The required output is the exact text of the lines from the line containing "Giacca di jeans" through the final line below, inclusive, without pictures.

# Task inputs
*-*-*

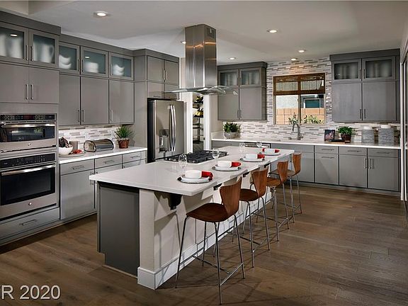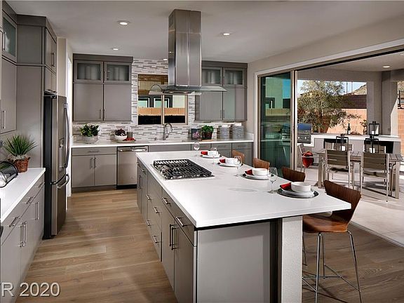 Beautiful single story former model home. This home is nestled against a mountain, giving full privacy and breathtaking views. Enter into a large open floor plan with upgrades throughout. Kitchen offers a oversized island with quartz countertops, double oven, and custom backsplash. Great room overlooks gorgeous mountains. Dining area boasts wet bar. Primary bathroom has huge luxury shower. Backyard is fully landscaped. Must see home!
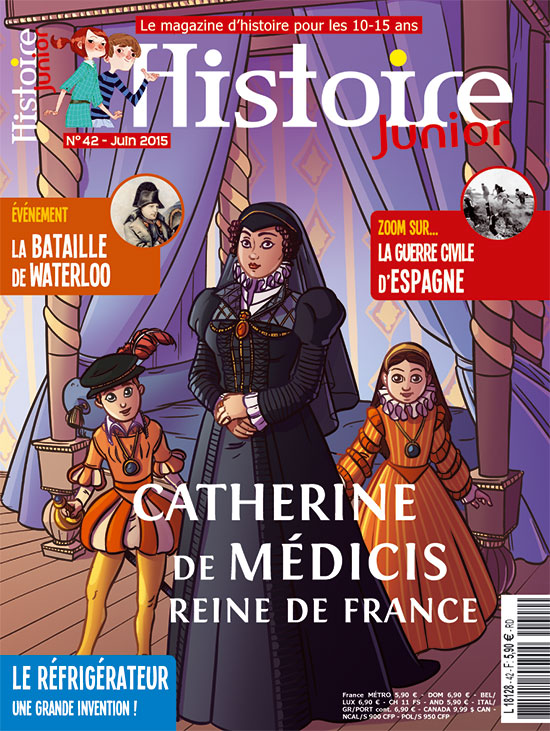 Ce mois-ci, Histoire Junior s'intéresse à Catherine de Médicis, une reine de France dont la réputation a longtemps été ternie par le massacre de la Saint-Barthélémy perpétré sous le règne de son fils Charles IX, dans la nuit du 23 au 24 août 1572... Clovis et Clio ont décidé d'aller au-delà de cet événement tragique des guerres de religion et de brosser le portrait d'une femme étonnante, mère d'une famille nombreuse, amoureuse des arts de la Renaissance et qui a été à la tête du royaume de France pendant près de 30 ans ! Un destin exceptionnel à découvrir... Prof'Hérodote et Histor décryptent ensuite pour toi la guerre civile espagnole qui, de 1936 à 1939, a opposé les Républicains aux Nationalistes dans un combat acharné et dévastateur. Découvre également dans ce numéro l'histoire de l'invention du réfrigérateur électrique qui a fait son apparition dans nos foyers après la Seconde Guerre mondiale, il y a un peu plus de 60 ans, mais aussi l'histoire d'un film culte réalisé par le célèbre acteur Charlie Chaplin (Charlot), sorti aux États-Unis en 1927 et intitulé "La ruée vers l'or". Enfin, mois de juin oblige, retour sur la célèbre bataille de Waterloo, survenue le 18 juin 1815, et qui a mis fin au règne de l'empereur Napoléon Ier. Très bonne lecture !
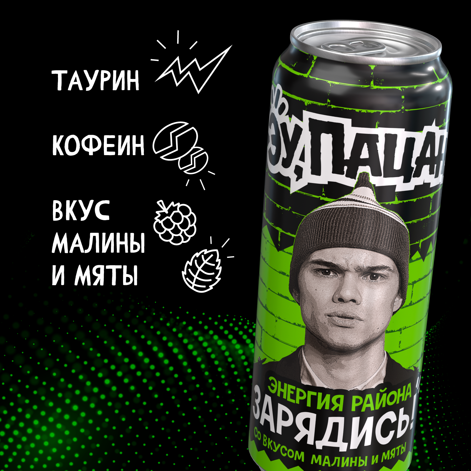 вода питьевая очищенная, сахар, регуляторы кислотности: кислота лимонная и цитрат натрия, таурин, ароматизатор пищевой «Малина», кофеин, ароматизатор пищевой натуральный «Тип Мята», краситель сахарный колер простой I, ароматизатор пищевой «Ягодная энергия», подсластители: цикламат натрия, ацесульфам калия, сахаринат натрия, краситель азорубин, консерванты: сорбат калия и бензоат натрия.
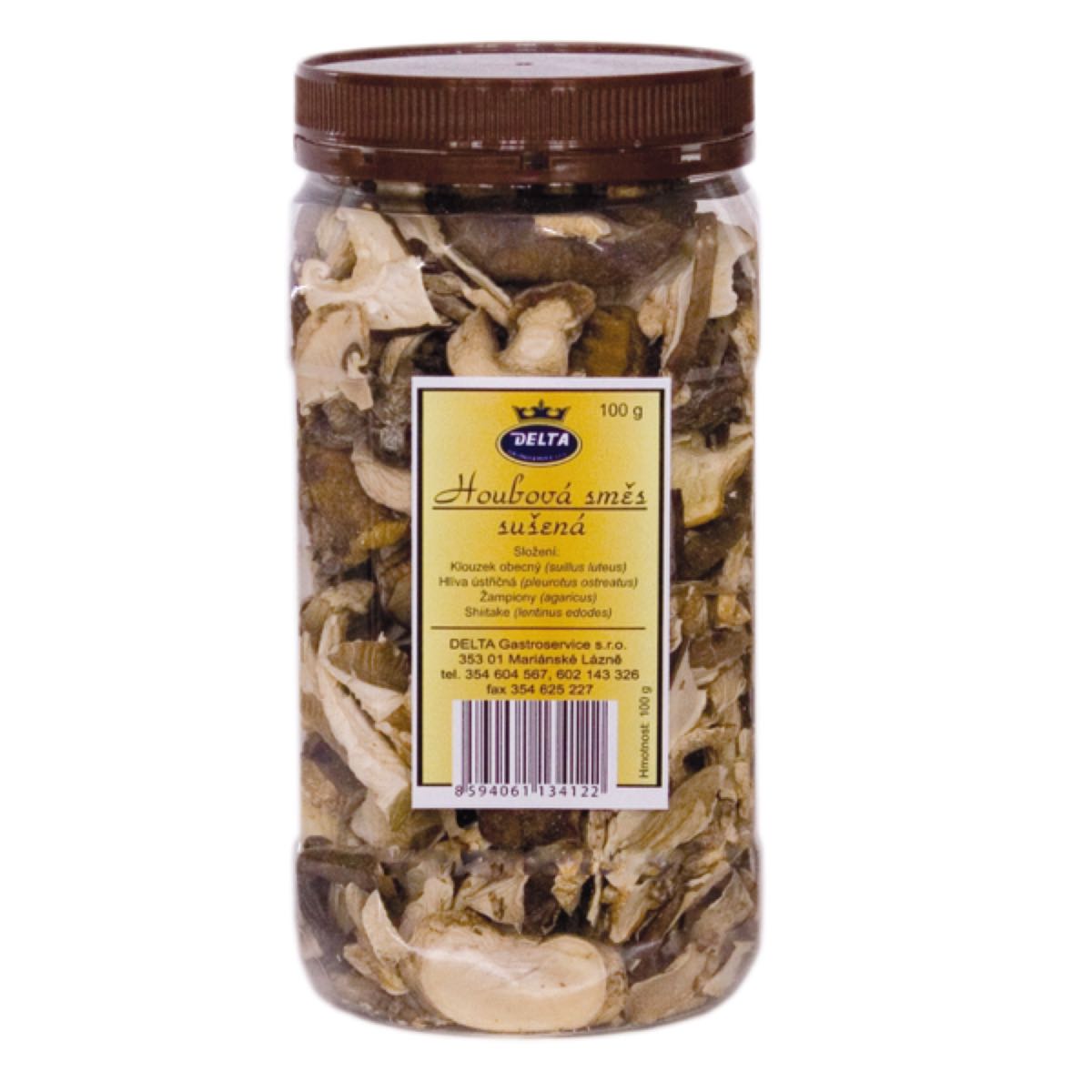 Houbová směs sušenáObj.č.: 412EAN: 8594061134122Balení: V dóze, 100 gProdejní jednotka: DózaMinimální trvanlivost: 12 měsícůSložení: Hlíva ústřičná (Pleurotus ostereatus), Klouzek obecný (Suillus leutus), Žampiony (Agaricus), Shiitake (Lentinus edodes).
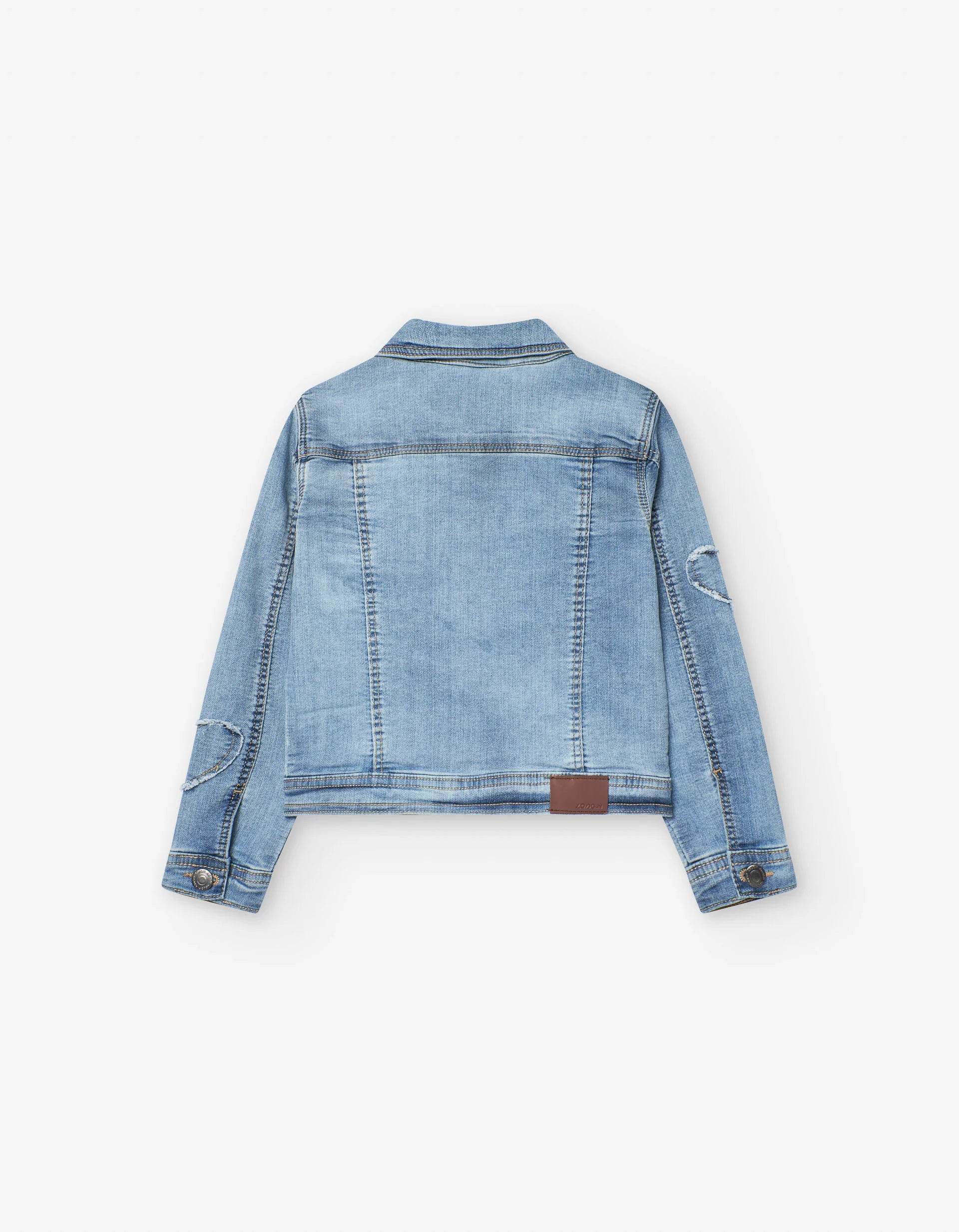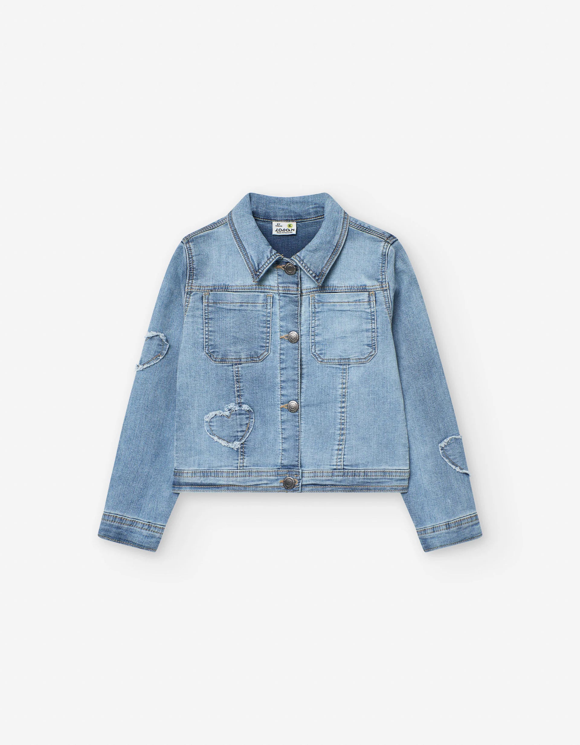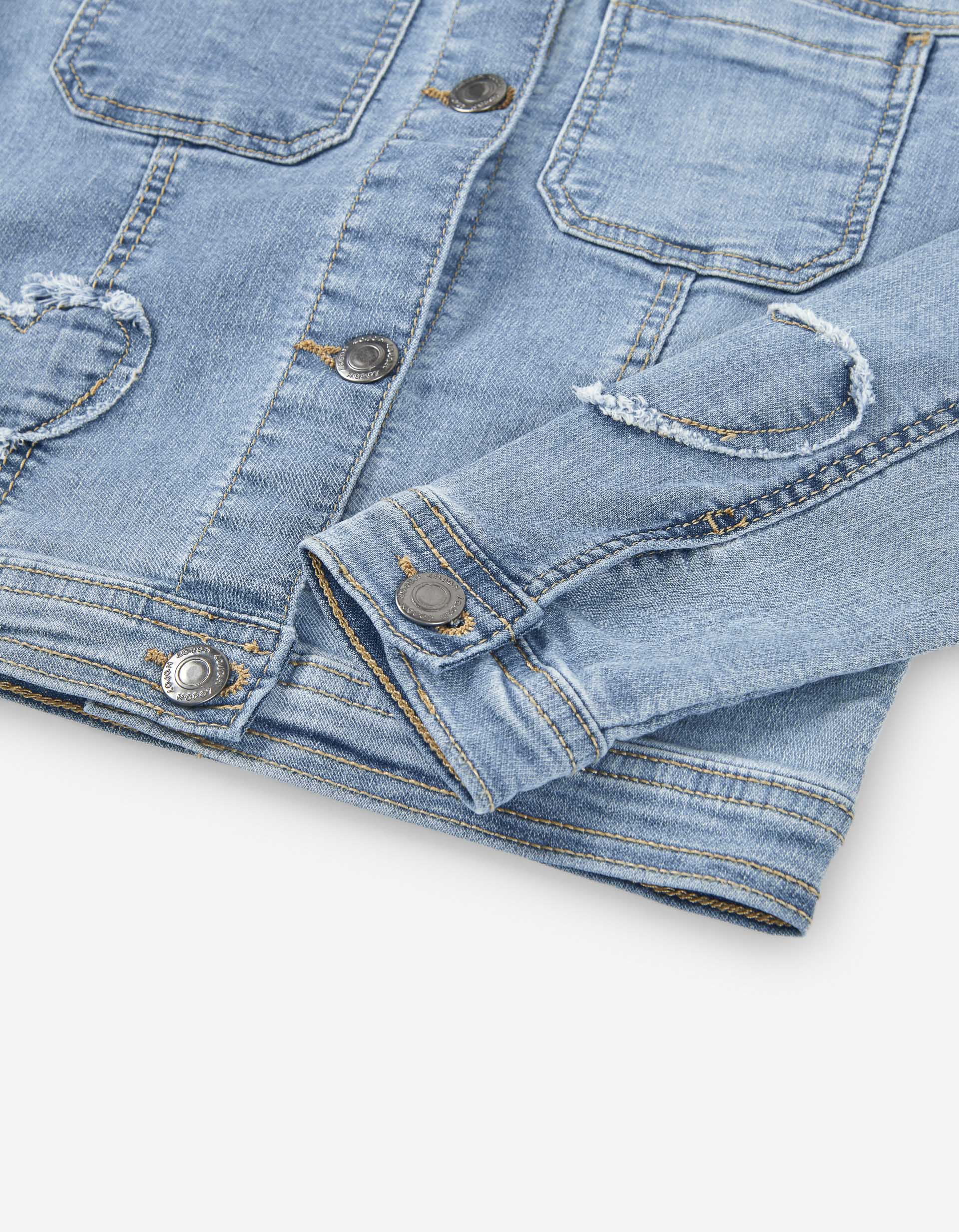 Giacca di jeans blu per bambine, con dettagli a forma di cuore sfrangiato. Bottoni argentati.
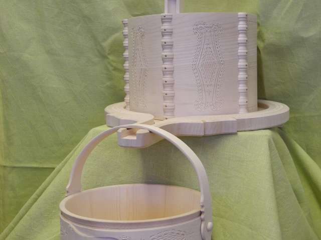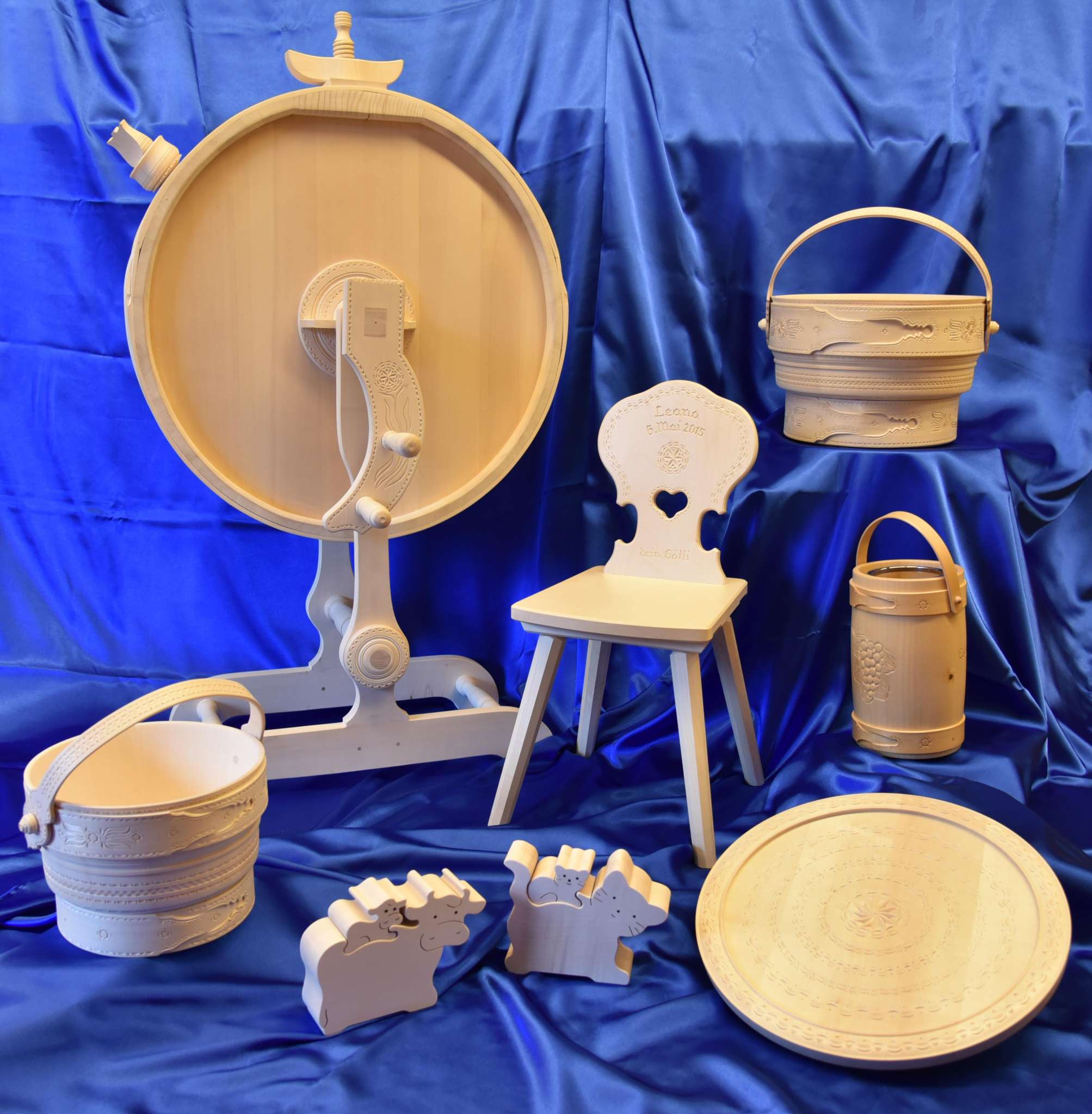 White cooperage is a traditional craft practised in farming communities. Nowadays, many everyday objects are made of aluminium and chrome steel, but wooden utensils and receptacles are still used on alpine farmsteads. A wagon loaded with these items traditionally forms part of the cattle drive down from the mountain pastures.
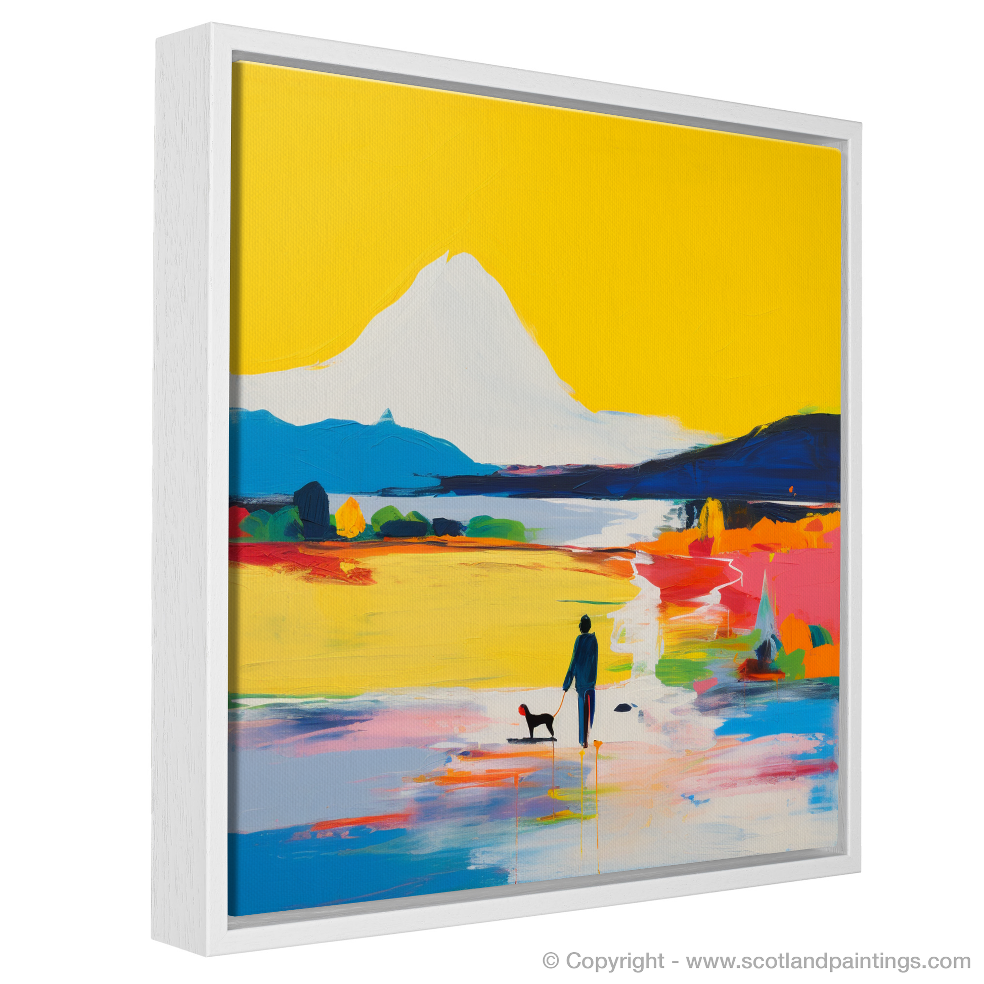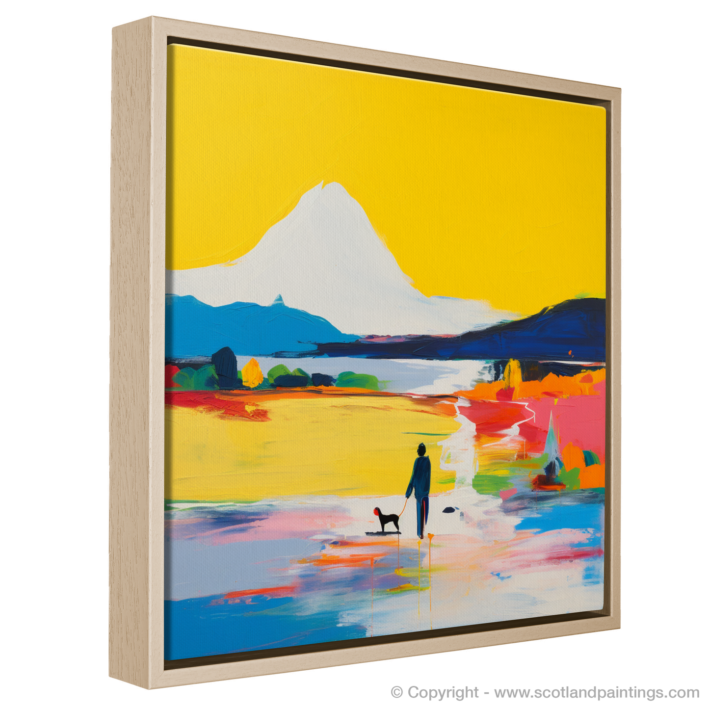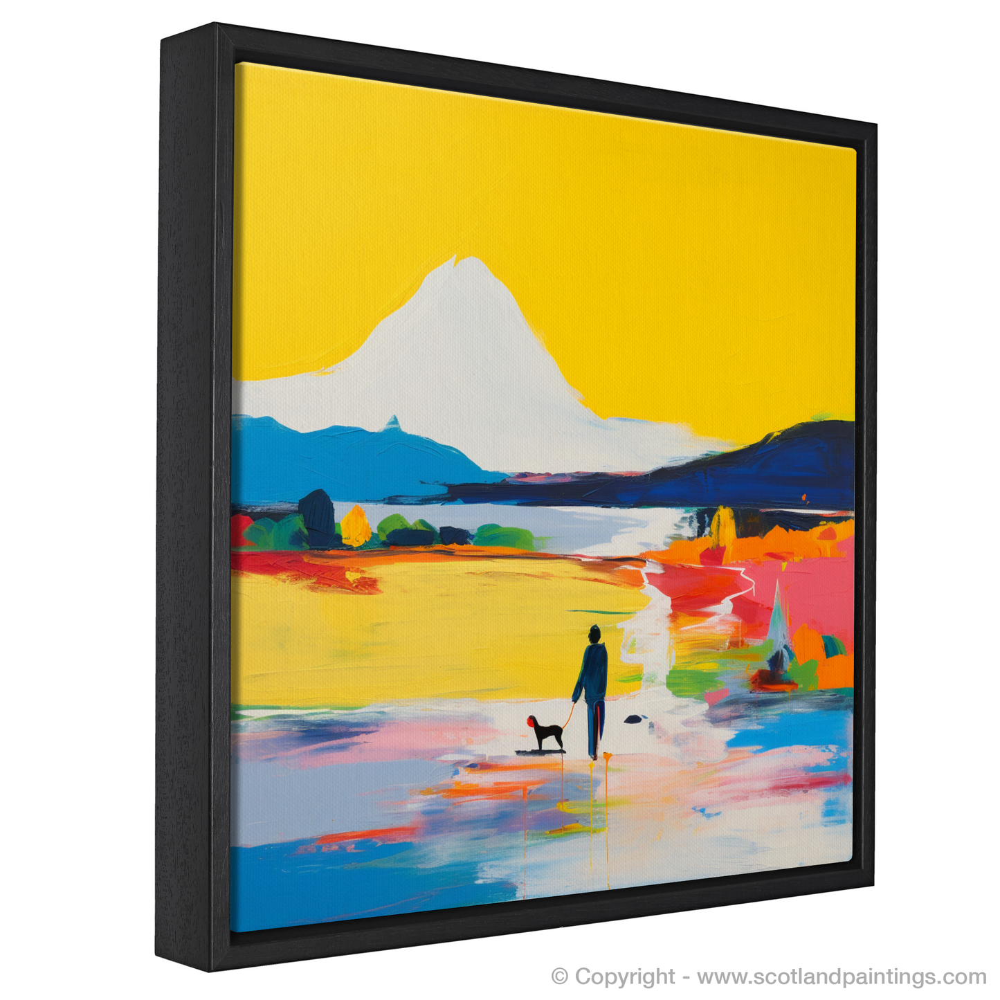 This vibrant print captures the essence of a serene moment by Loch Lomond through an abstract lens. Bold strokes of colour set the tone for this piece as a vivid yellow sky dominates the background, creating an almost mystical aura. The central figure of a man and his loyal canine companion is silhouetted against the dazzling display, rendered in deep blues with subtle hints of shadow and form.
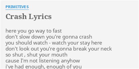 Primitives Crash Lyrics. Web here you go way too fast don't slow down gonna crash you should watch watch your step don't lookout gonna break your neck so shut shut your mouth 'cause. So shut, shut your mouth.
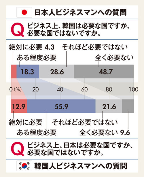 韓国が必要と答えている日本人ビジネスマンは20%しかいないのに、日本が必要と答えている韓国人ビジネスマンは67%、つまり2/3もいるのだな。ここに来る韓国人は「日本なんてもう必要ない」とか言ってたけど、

*-*-*

# Output of the exercise
 Giacca di jeans blu per bambine, con dettagli a forma di cuore sfrangiato. Bottoni argentati.
 White cooperage is a traditional craft practised in farming communities. Nowadays, many everyday objects are made of aluminium and chrome steel, but wooden utensils and receptacles are still used on alpine farmsteads. A wagon loaded with these items traditionally forms part of the cattle drive down from the mountain pastures.
 This vibrant print captures the essence of a serene moment by Loch Lomond through an abstract lens. Bold strokes of colour set the tone for this piece as a vivid yellow sky dominates the background, creating an almost mystical aura. The central figure of a man and his loyal canine companion is silhouetted against the dazzling display, rendered in deep blues with subtle hints of shadow and form.
 Primitives Crash Lyrics. Web here you go way too fast don't slow down gonna crash you should watch watch your step don't lookout gonna break your neck so shut shut your mouth 'cause. So shut, shut your mouth.
 韓国が必要と答えている日本人ビジネスマンは20%しかいないのに、日本が必要と答えている韓国人ビジネスマンは67%、つまり2/3もいるのだな。ここに来る韓国人は「日本なんてもう必要ない」とか言ってたけど、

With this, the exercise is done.